Omit every picture, then return the listing verbatim.

> _Data extract_

◇ ◇ ◇

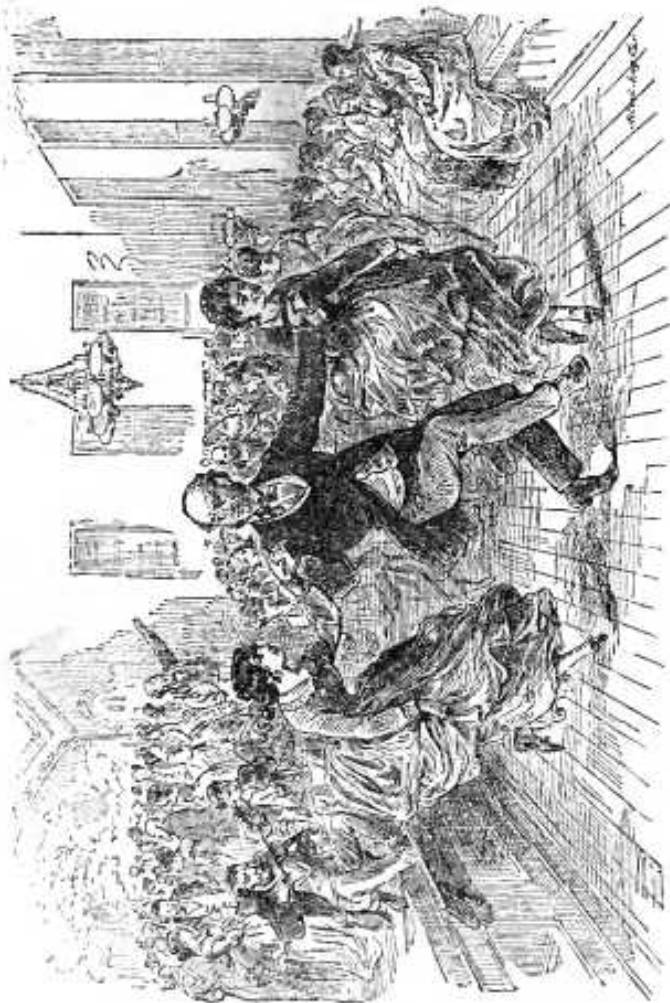
HIS NEW WIFE.—THE "WALLFLOWERS."—Page 89.
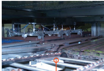
Grippers for Delidding
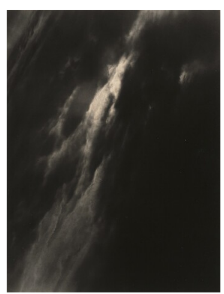
Alfred Stieglitz Equivalent W3 1929 gelatin silver print Key Set Number 1279

◇ ◇ ◇

> _Written reply_
HIS NEW WIFE.—THE "WALLFLOWERS."—Page 89.
Grippers for Delidding
Alfred Stieglitz Equivalent W3 1929 gelatin silver print Key Set Number 1279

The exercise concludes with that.